Maya mengeratkan pelukannya, tidak peduli kalau memarnya terasa nyeri. "Aku akan baik-baik saja, percayalah,” katanya mencoba menenangkan.

Masumi merenggangkan pelukannya dan membawa Maya duduk di tepi tempat tidur sementara dia berjalan keluar. Tak lama kemudian, dia kembali dengan membawa sesuatu di tangan. Maya tak tahu apa itu, sebuah amplop coklat. "Kau harus berjanji untuk menerimanya dan tidak marah dengan apa yang akan kuberikan."

Kening Maya berkerut, dia menebak itu pasti sesuatu yang berlebihan. "Masumi, kau sudah memberikanku banyak sekali barang," kata Maya putus asa.

"Andai aku bisa, aku akan memberikanmu seluruh isi dunia ini, Maya. Jadi sekarang tolong, untuk membuatku tetap tenang. Terimalah. Kau bilang aku milikmu, berarti apa yang aku miliki adalah milikmu juga," desak Masumi.

"Tapi-,"

"Kumohon sayang, hanya ini yang bisa membuatku tenang."

Maya mendesah, memandang iba pada kekasihnya. "Baiklah, aku akan menerimanya."

"Janji, tidak akan marah dan mengembalikannya?" tanya Masumi memastikan.

"Baiklah," jawab Maya, menyerah untuk menolak.

Masumi memberikan amplop coklat itu pada Maya dan mata gadis itu langsung membulat tanpa berkedip ketika melihat isinya.
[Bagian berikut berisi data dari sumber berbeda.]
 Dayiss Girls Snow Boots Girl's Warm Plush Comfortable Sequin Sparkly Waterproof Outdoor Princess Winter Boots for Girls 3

Pria itu bergeming saat Maya menatapnya tajam. "Kau sudah janji." Masumi menekankan ucapannya.

"Tapi ini? Sebanyak ini-, kau gila Masumi," protes Maya kemudian.
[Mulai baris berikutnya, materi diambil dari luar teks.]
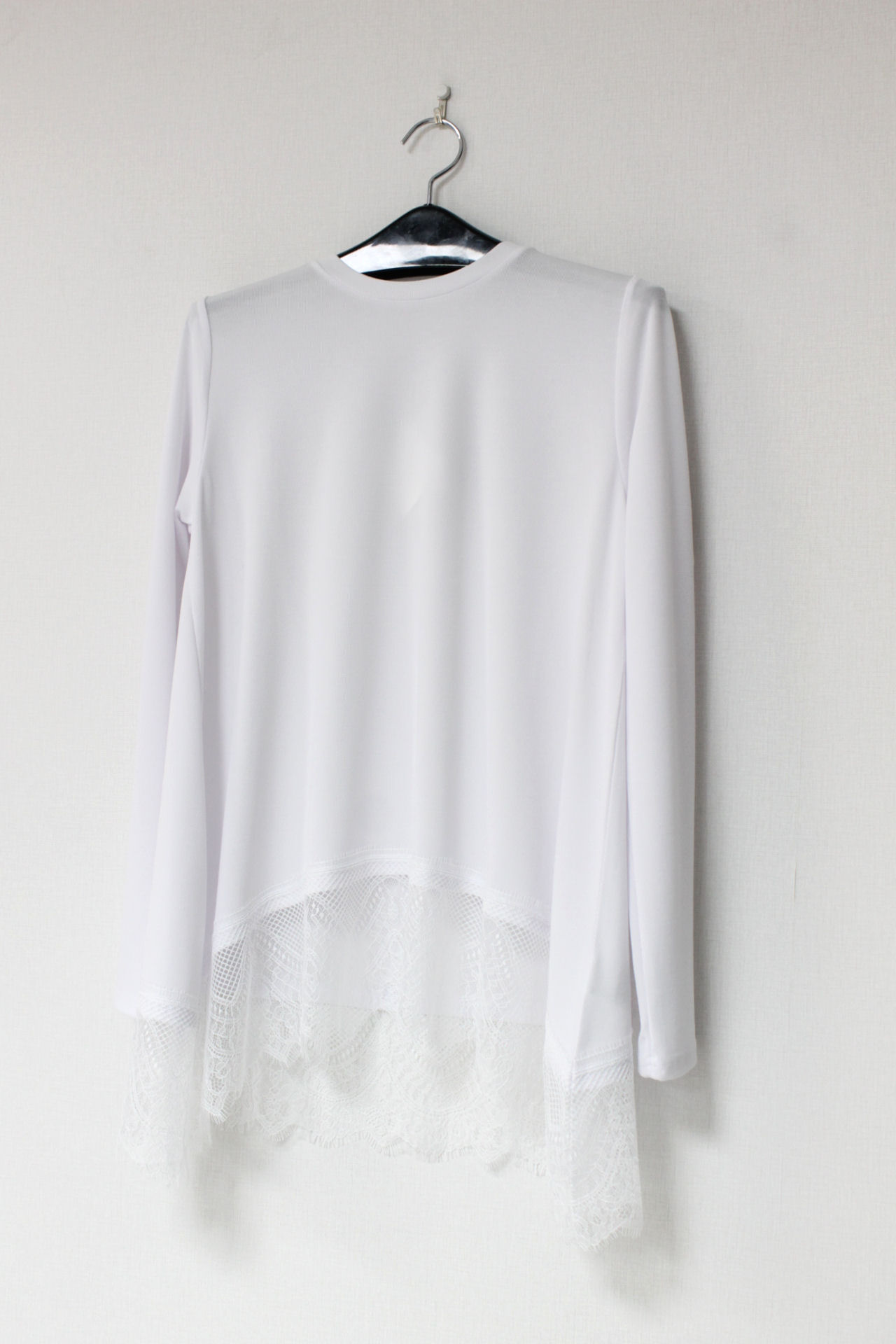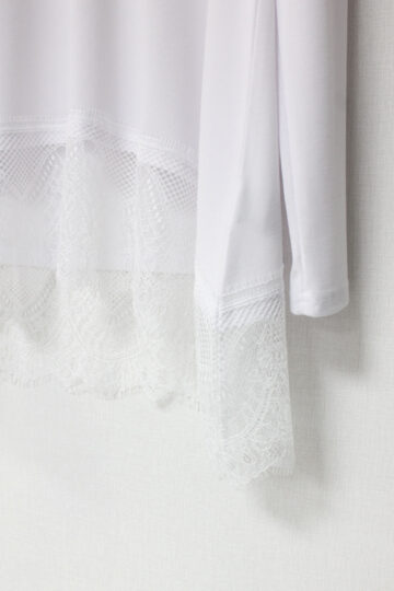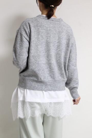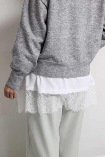 ↓↓【実は超人気】裾のレースがデザインポイントのプルオーバー。今シーズンはレイヤードスタイルに映える柔らかな色合いのオフホワイトをセレクト。裾に向かって広がる今年らしいAラインシルエット。動くたびにレースが揺れる軽やかな印象のアイテムです。11,000円(税込12,100円)ロージーROSIEE

"Aku memang gila, gila karenamu," jawab Masumi yang sama sekali tidak terpengaruh dengan emosi kekasihnya.

Sekali lagi kekasih Masumi itu menatap tak percaya pada benda yang ada di pangkuannya. Dua buah buku tabungan atas namanya. Keduanya bahkan sudah terisi dengan nominal uang dalam kurs dolar dan yen yang jumlahnya tak pernah terbayangkan oleh Maya. Lebih lagi kedua akun itu di lengkapi dengan ATM Platinum. Masumi juga menambahkan sebuah kartu kredit premium atas nama Maya. Gadis itu menggeleng tidak percaya. Bagaimana Masumi bisa melakukan semua itu?

"Kau marah?" Masumi mengukur reaksi Maya yang hanya diam dengan pandangan cemas.
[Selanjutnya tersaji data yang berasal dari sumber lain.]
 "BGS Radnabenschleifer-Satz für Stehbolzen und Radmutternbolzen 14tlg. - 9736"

Maya tahu kalau dia menolak pasti akan sangat menyakiti hati Masumi. Dia pun menghela napas panjang lalu tersenyum untuk menenangkan kekasihnya. Bukankah aku tidak harus menggunakannya, katanya dalam hati.

"Maya?"

Maya melebarkan senyumnya. "Kau tidak takut aku berfoya-foya di Amerika dengan semua uang ini," goda Maya.

"Aku akan sangat senang jika kau mau melakukan itu. Memikirkanmu hidup layak dan bahagia membuatku tenang." Masumi mengecup kening Maya, tahu kalau sang kekasih menerima pemberiannya.

"Terima kasih."

"Jangan berterima kasih untuk sesuatu yang memang milikmu, sayang."

"Aku belum menjadi istrimu," kilah Maya.

"Tapi kau milikku," sanggah Masumi.

Maya kembali tersenyum. "Ya, kau milikku."

Masumi menatap wajah Maya dan hasratnya berteriak. Dia ingin mencium bibir mungil itu. Sayangnya Masumi masih waras untuk tidak menyakiti kekasihnya. Sejak kemarin dia sudah sangat menahan diri untuk tidak terlalu banyak menyentuh Maya.

"Aku tahu apa yang kau inginkan," celetuk Maya saat melihat Masumi terpaku menatapnya. Sejak dari Izu, Maya sudah lebih paham tentang ketertarikan fisik di antara mereka.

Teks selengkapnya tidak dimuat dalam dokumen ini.